If no fixed price agreement has been made, we reserve the right to make reasonable price changes due to changes in wage, material and distribution costs for deliveries that take place 3 months or more after the conclusion of the contract.
§5 Rights of Retention
The customer shall only be entitled to exercise a right of retention insofar as his counterclaim is based on the same contractual relationship.
§6 Delivery time
The beginning of the delivery time stated by us is subject to the timely and proper fulfilment of the obligations of the customer. We reserve the right to raise the defence of non-performance of the contract.
If the customer is in default of acceptance or if he culpably violates other obligations to cooperate, we shall be entitled to demand compensation for the damage incurred by us in this respect, including any additional expenses. We reserve the right to make further claims. If the above conditions apply, the risk of accidental loss or accidental deterioration of the object of purchase shall pass to the customer at the point in time at which the customer is in default of acceptance or debtor's delay.

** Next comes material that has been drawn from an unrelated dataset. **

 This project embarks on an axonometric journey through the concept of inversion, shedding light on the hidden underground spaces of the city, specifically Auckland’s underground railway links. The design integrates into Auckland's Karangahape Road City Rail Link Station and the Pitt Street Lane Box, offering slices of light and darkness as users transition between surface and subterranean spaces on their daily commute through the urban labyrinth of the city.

Further statutory claims and rights of the customer due to a delay in delivery shall remain unaffected.
§7 Transfer of risk on dispatch
If the goods are dispatched to the customer at the latter's request, the risk of accidental loss or accidental deterioration of the goods shall pass to the customer upon dispatch to the customer, at the latest upon leaving the factory/warehouse. This applies irrespective of whether the goods are dispatched from the place of performance or who bears the freight costs.
§8 Retention of title
We reserve the right of ownership of the delivered item until all claims arising from the delivery contract have been paid in full. This also applies to all future deliveries, even if we do not always expressly refer to this. We are entitled to take back the purchased item if the customer acts in breach of contract.

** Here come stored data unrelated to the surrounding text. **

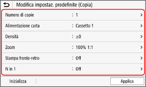 Selezionare le voci di impostazione da modificare, quindi modificare le impostazioni predefinite.
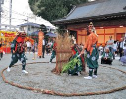 祭りの時にナマスをはじめ鯖と大根・里芋の煮物を作って食べることは、周辺の集落には見られず大変に珍しいものです。また、江戸時代までの神仏混交の様相を残す神官と住職の同席や、年番の引継ぎを盃事として行うなど特徴ある要素も保たれ、市域のさまざまな祭りの中でも特に注目されるものの一つと言えるでしょう(民俗担当 加藤隆志)。 |
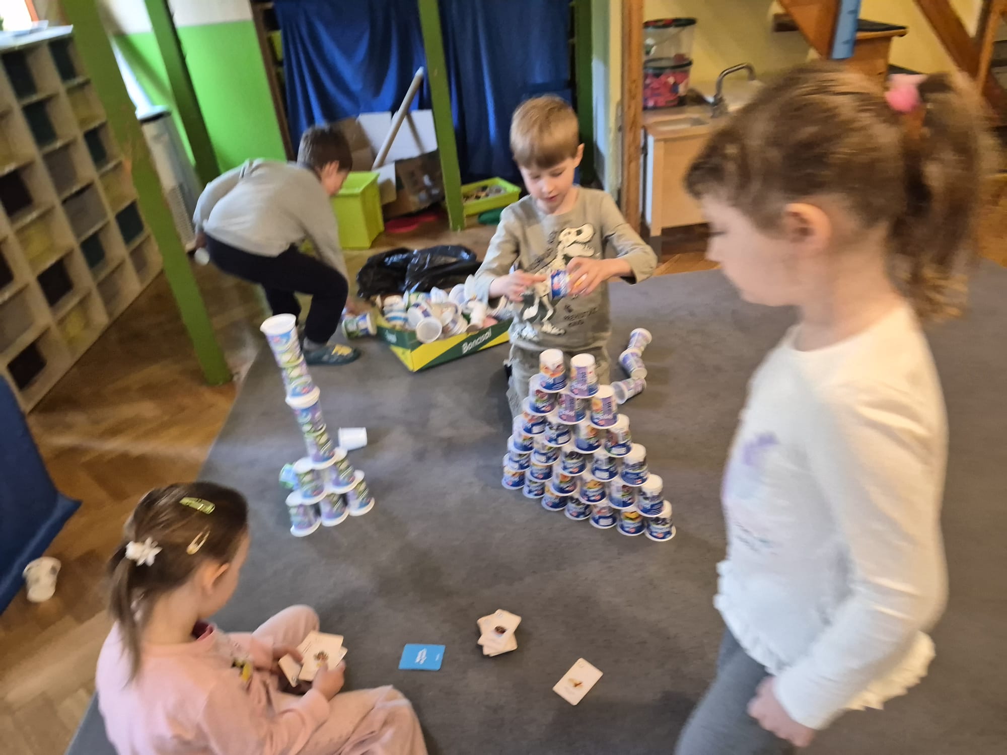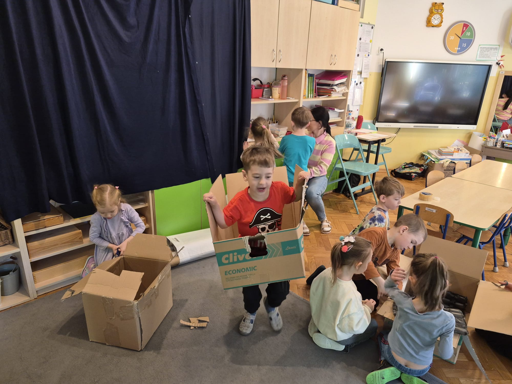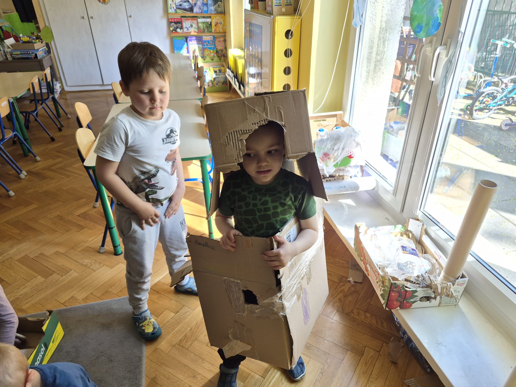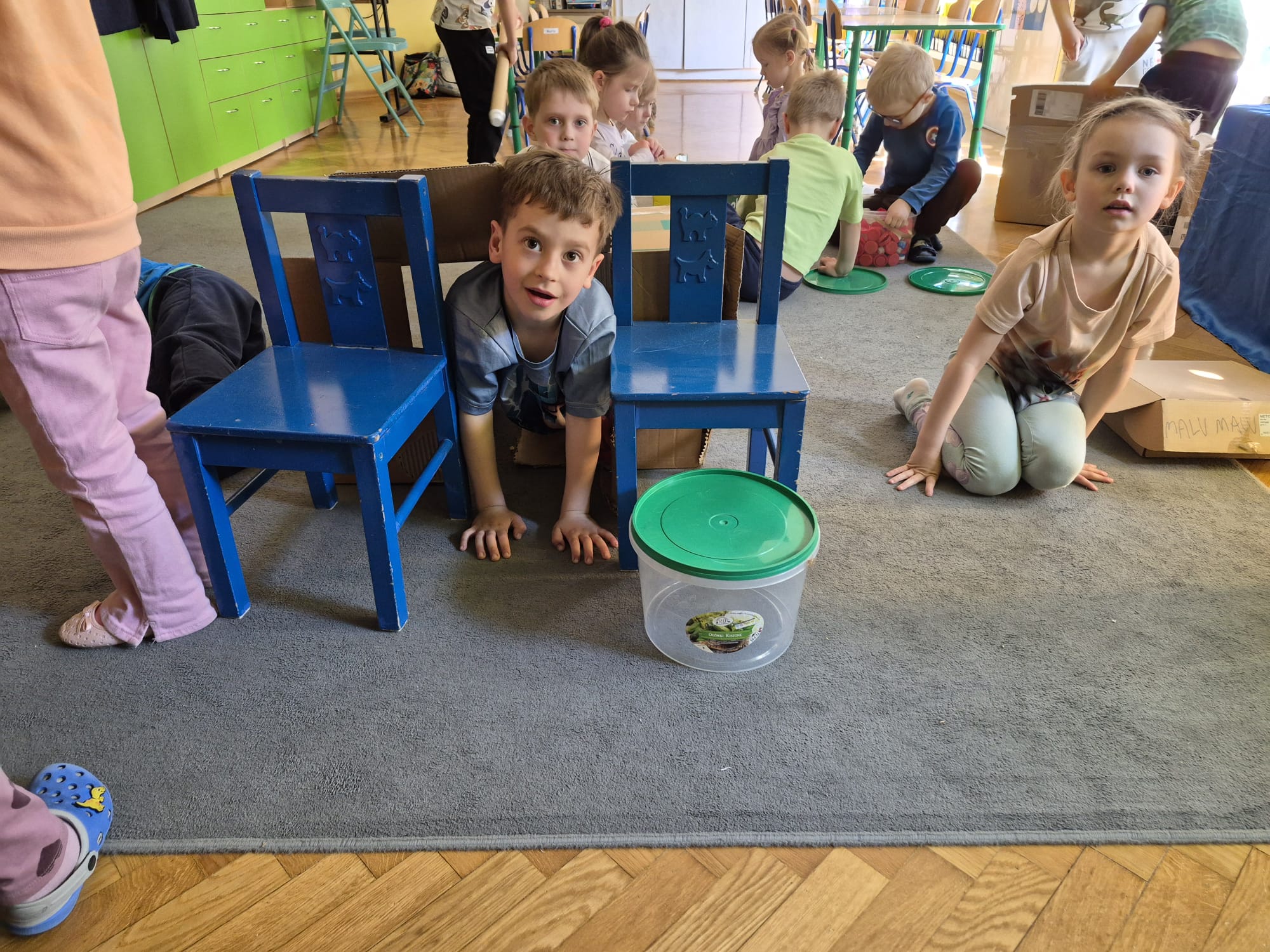 W piątek 24 kwietnia najstarsze Przedszkolaki zakończyły tydzień pt.”Dbamy o naszą Planetę Ziemię”. Te 5 dni dzieci i nauczyciele zapamiętają na długo nie tylko ze względu na ważne tematy poruszane na zajęciach ekologicznych, ale głównie przez „wulkan kreatywności”, który wybuchł w tym okresie w grupie!:) A zaczęło się wszystko w poniedziałek 20.04.,gdy Pani Ewa -po zajęciach ekologicznych -ogłosiła „Tydzień Bez Gotowych Zabawek” i razem z innymi Paniami przykryła zasłonami wszystkie szafy z pojemnikami pełnymi plastikowych zestawów do zabawy, zostawiając tylko drewniane klocki oraz dostęp do kolorowanek, kredek, nożyczek i kleju, a wystawiła na dywan : wielkie pudełka kartonowe, butelki i wiaderka plastikowe, duże rolki po wykładzinach lub dywanikach, pojemniczki po jogurtach i śmietanie, wysypała różnokolorowe nakrętki oraz rozwinęła folię bąbelkową. Po początkowych okrzykach: O nie! Śmieci! Czym my się teraz będziemy bawić? powoli zaczęły pojawiać na twarzach dzieci uśmiechy i po przedstawieniu przez nauczycieli możliwości wykorzystania tych surowców wtórnych i deklaracji pomocy przy łączeniach materiałów lub przecinaniu czegoś ,ukazała się oczom wszystkim Potęga Wyobraźni Dziecięcej !!! Samochody, rakiety, samoloty, łóżeczka dziecięce, pizza pepperoni, komin, konik, buda dla pieska, myjnia i zjeżdżalnia dla samochodów, sukienka z folii bąbelkowej , a w kolejnych dniach gra w kręgle jogurtowe, skoki przez przeszkody ,mur chiński, zbroja rycerska, robot, różne gry i zabawy zręcznościowe itd. Jako, że surowce wtórne grały główną rolę w tym tygodniu, nie mogło zabraknąć zajęć i zabaw ruchowych związanych z recyklingiem i segregacją śmieci, pojemniki na śmieci wystąpiły również jako aktorzy w teatrzyku pt.”Który kosz jest najważniejszy?”:) W Dniu Ziemi 22 kwietnia Starszaki wzięły udział w ogólnopolskiej akcji „Sprzątanie Świata” oraz cały tydzień śpiewały pięknie -ilustrując ruchem tekst- Hymn Ekoprzedszkolaków z „Zaczarowanego Ziarenka” czyli „Cały świat jest w naszych rękach”. W piątek 24 kwietnia wykonały jeszcze rano śliczne wielokolorowe zakładki do książek z hasłami ekologicznymi , które każde z dzieci uznało za najważniejsze wg. niego , by ratować Naszą Planetę, a po południu odbył się ekologiczny seans filmowy, na którym to m.in. zwierzątka leśne poprosiły dzieci ,by razem z dorosłymi zatroszczyły się o los Ziemi po prostu zachowując proste zasady ekologiczne na co dzień! Pozostaje mieć nadzieję, że ten trochę szalony , ale jakże ważny dydaktycznie tydzień, pozostawi w głowach i sercach dorosłych oraz dzieci trwałą potrzebę troski o los Naszej Planety- dla dobra przecież nas wszystkich , a rozbudzona wyobraźnia i chęć tworzenia nowych rzeczy zaprocentuje sukcesami w dalszej edukacji Przedszkolaków, a potem Szkolniaków:)

As long as the ownership has not yet been transferred to the customer, the customer shall be obliged to treat the object of purchase with care. In particular, he shall be obliged to insure it sufficiently at his own expense against theft, fire and water damage at replacement value (note: only permissible if high-quality goods are sold). If maintenance and inspection work has to be carried out, the Purchaser shall carry this out in good time at its own expense. As long as ownership has not yet been transferred, the purchaser must inform us immediately in writing if the delivered item is seized or exposed to other interventions by third parties. Insofar as the third party is not in a position to reimburse us for the court and out-of-court costs of an action pursuant to § 771 ZPO (German Code of Civil Procedure), the purchaser shall be liable for the loss incurred by us.
§9 Warranty and notice of defects as well as recourse/manufacturer recourse
Warranty rights of the customer require that he has properly fulfilled his obligations to examine the goods and make a complaint in accordance with § 377 HGB (German Commercial Code).
Claims for defects shall become statute-barred 12 months after delivery of the goods supplied by us to our customer. The statutory period of limitation shall apply to claims for damages in the event of intent and gross negligence as well as in the event of injury to life, body and health which are based on an intentional or negligent breach of duty by the user. (Note: in the case of the sale of used goods, the warranty period can be completely excluded with the exception of the claims for damages mentioned in sentence 2).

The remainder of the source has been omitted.